== YOUR OBJECTIVE ==
The answer is an exact copy of the lines from the one with "太ももから裾にかけて太さのあ" to the end of the listing below, pictures left out.

-- Opening Marker --

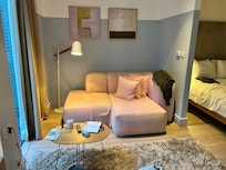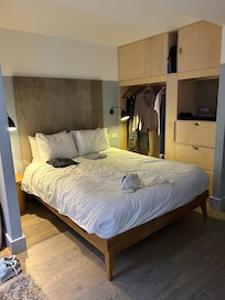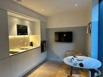 Great location to stay, well located to the tube system, but make sure the elevators are working! My room was a one bedroom suite withe a very helpful kitchen with modern fridge freezer and full cooking facilities, Dishwasher and laundry washer/dryer which allowed me to cook my own breakfasts before heading out. Bathroom was spacious although under supplied with towelling but extras were available from reception. No face washer cloths - staff told me management refuse to supply them. No tissues in the bathroom. Room was clean. Bedding was great. Elevators in the building are a major issue. One of the two was out all 8 days of my stay leading to a line of people waiting for the only one working and frustrating waits at any given time. One morning both elevators were out - not great when you're on the 14th floor.
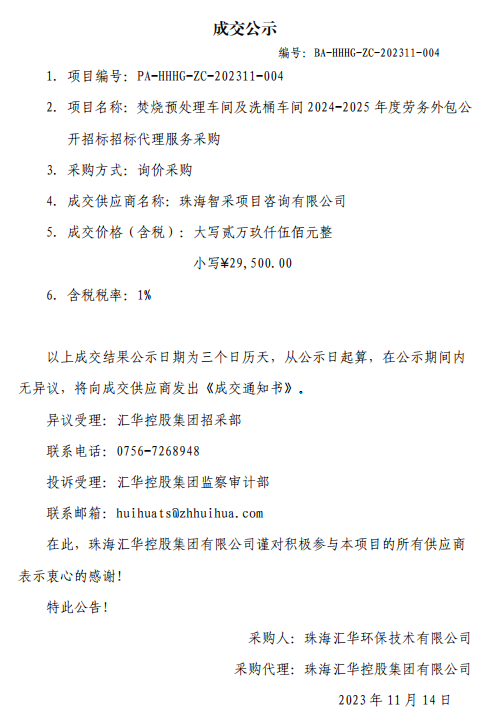 【成交公示】焚烧预处理车间及洗桶车间2024-2025年度劳务外包公开招标招标代理服务采购
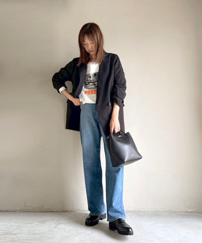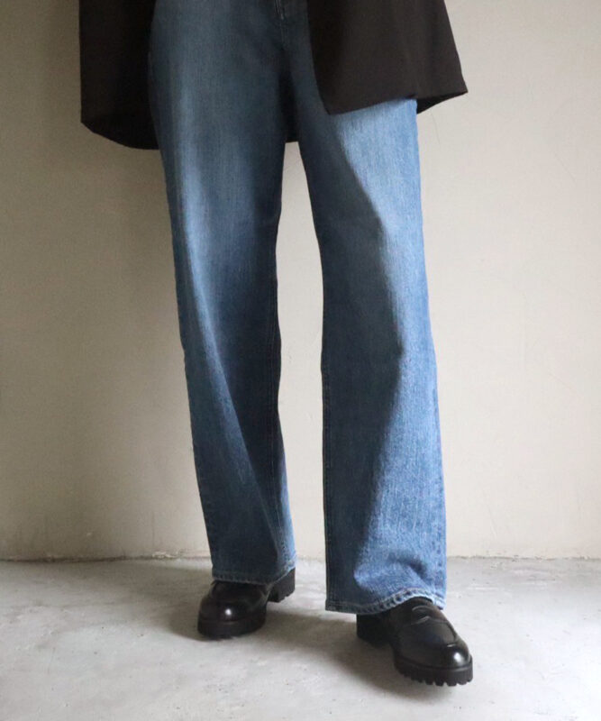 太ももから裾にかけて太さのあるストレートシルエット。あえて股ぐりを深く、後ろポケットやヨーク幅を広めに設定し、メンズライクな雰囲気に仕上げています。ウエストは女性に合うジャストサイズで、ずれ落ちることなく快適な穿きごこち。ボリューム感はありつつも、ヒップからすとんと落ちるラインで、後ろ姿もすっきり。体型を選ばず、脚のラインを気にせず穿ける一本です。
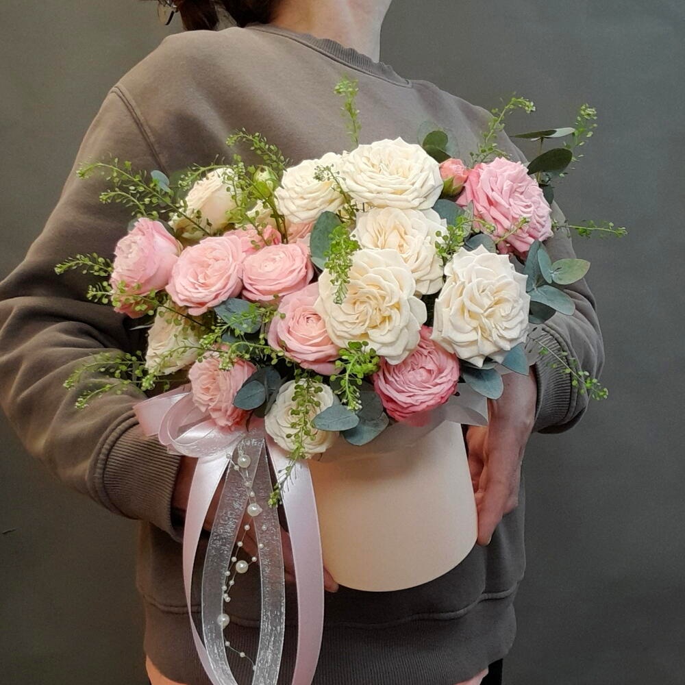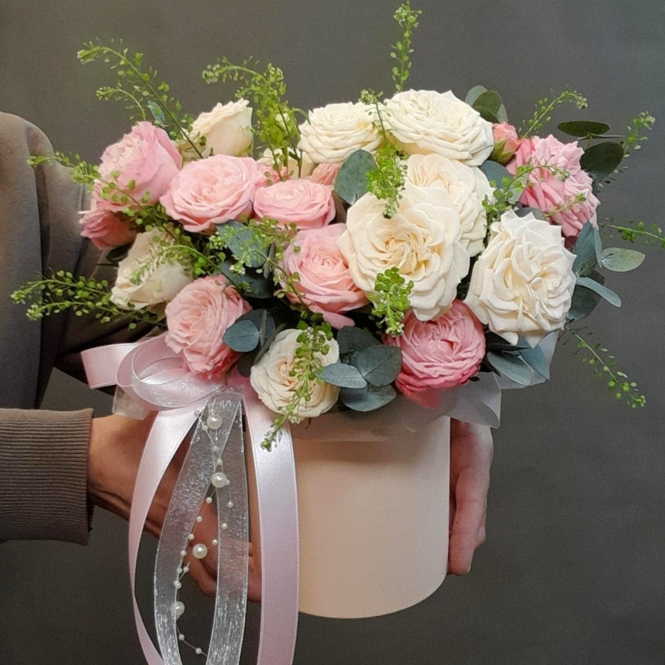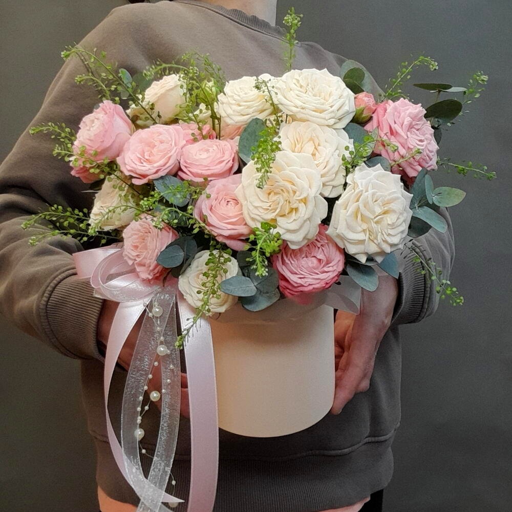 Состав: роза пионовидная кустовая - 7 шт., тласпи - 1 шт., эвкалипт - 1 шт., оазис флористический - 1 шт., коробка шляпная - 1 шт.
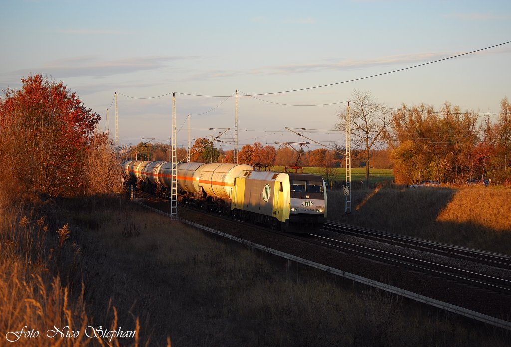 ITL 152 901-5 mit einem Kesselzug in den letzten Sonnenstrahlen des Tages am Bü 72 bei Priort Der Zug wurde aufgrund einer Baustelle über diesen Teil des Ringes umgeleitet,was sich kurze Zeit später noch lohnen sollte (07.11.09)

-- Closing Marker --

== RESULT OF THIS TASK ==
 太ももから裾にかけて太さのあるストレートシルエット。あえて股ぐりを深く、後ろポケットやヨーク幅を広めに設定し、メンズライクな雰囲気に仕上げています。ウエストは女性に合うジャストサイズで、ずれ落ちることなく快適な穿きごこち。ボリューム感はありつつも、ヒップからすとんと落ちるラインで、後ろ姿もすっきり。体型を選ばず、脚のラインを気にせず穿ける一本です。
 Состав: роза пионовидная кустовая - 7 шт., тласпи - 1 шт., эвкалипт - 1 шт., оазис флористический - 1 шт., коробка шляпная - 1 шт.
 ITL 152 901-5 mit einem Kesselzug in den letzten Sonnenstrahlen des Tages am Bü 72 bei Priort Der Zug wurde aufgrund einer Baustelle über diesen Teil des Ringes umgeleitet,was sich kurze Zeit später noch lohnen sollte (07.11.09)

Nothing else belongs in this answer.